Sicuramente la prima mossa quando si pensa di aprire un nuovo business è valutare obiettivamente quanto la propria idea sia fattibile, altrimenti rischia di rimanere solo un bel sogno… o peggio ancora di trasformarsi in un brutto incubo! Evitiamo quindi gli errori più grossolani e cominciamo col conoscere il mercato potenziale, cioè i clienti e i concorrenti, per non trovarci a forzare un bene o un servizio in un mercato già saturo, senza capire quali sono i bisogni ancora inascoltati dei consumatori. Il business plan è un altro strumento semplice ma indispensabile: serve ad individuare gli obiettivi della nuova azienda, gli strumenti necessari per raggiungerli, i possibili ostacoli e le relative soluzioni: più variabili vengono previste nel business plan, meno brutte sorprese si incontreranno. Altro passo fondamentale è curarne la visibilità, on-line e off-line, ma soprattutto essere sempre pronti a cambiare obiettivi e strategia quando gli eventi lo impongono.
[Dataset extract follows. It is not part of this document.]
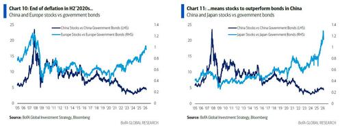 - China: Hartnett would buy China equities as inflation is rising (core CPI 1.8% = highest since 2019), fiscal spending rising (China targeting record deficits of 4% GDP in ’25 & ’26 – and need to counter new China threats from Iran oil, Belt & Road, US Pax Silica policy2 = more stimulus), and bond yields rising (30-year yield up 50bps past 12 months)… As a reminder, the end of deflation in Japan & Europe (latter aided by Russia/Ukraine) saw H1’2020s secular outperformance of stocks over bonds…China story in H2’2020s; oil, rate hikes, EPS risks… all say growth>value short-term (Mag7>banks) but fiscal narrative of New World Order means New World Bull in International.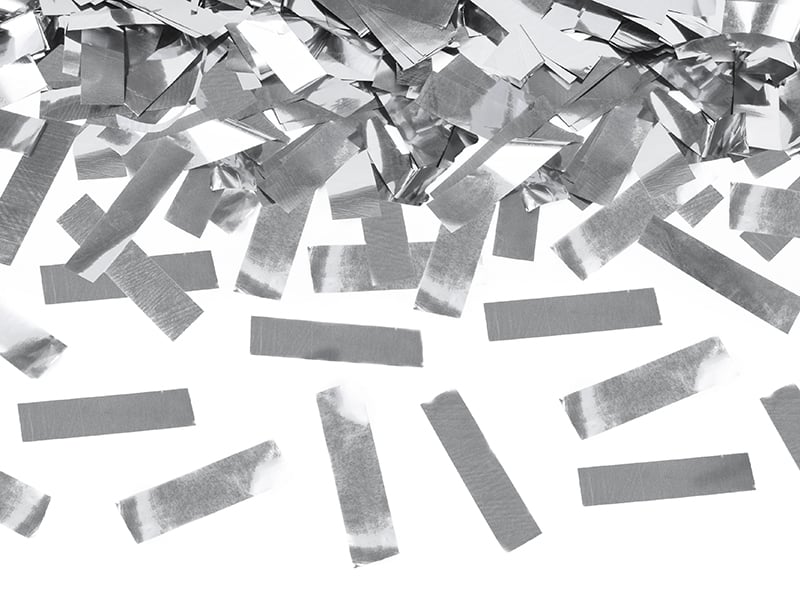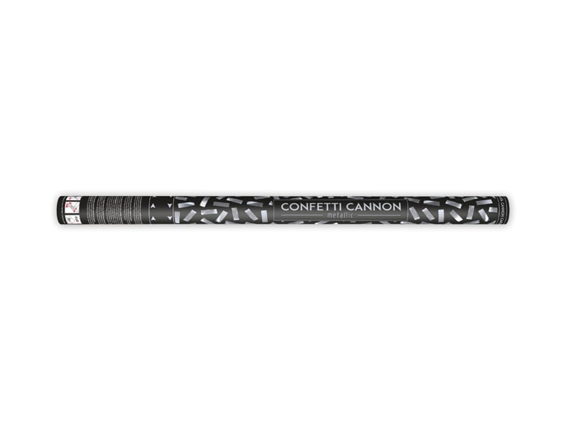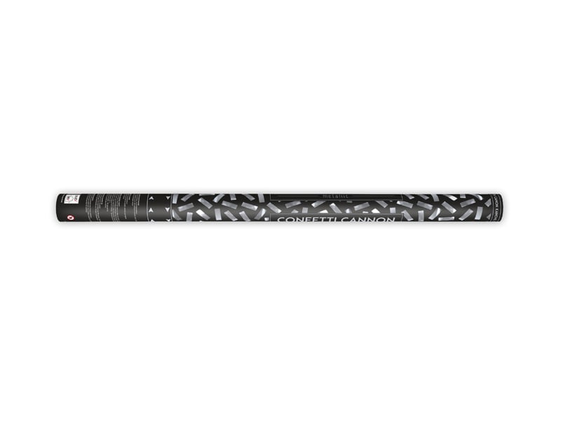Confetti cannon shooting out metallic confetti, silver, length 80 centimeters.

Le “aziende fossile” o che reagiscono come tartarughe ai cambiamenti di solito non vano molto lontano: oggi le aziende sono in perenne fase di start-up.
Una volta che abbiamo vagliato i fattori principali da non sottovalutare, possiamo lasciare spazio all’intangibile, ovvero a tutti quegli elementi difficili da valutare oggettivamente, ma indispensabili per chiunque voglia lanciarsi nell’avventura della propria vita. Parlo di creatività, genialità, entusiasmo, coraggio, intuito, tutti elementi difficili da soppesare nell’immediato ma assolutamente imprescindibili e immancabili in chi ce la farà. E l’esempio migliore a tal riguardo ce lo danno proprio i giovani, anzi giovanissimi, coloro che in tenera età hanno avuto il coraggio e la forza di intraprendere un nuovo business, unito alla perseveranza e alla caparbietà di chi fa fronte a testa alta alle inevitabili difficoltà.
Nel mondo ci sono moltissimi esempi di giovani imprenditori che grazie ad un’idea geniale e a tanto tantissimo impegno sono riusciti a fondare compagnie solide, in costante espansione e che annoverano già fatturati da capogiro, soprattutto se pensiamo alla giovane età di chi li ha fondate, spesso partendo da una semplice manciata di dollari. Eppure sono proprio loro, i “baby-imprenditori”, che ci danno gli esempi più lampanti di impegno, innovazione e creatività a sette cifre. Un motivo? Innanzitutto perché credono ancora che realizzare i propri sogni sia possibile e poi per quel naturale entusiasmo e quella irrefrenabile voglia di fare che abbiamo tutti a quell’età. Basta come ingrediente per avere successo? Certo che no, però è sicuramente l’inizio, il trampolino di lancio, la base dalla quale tutto prende forma.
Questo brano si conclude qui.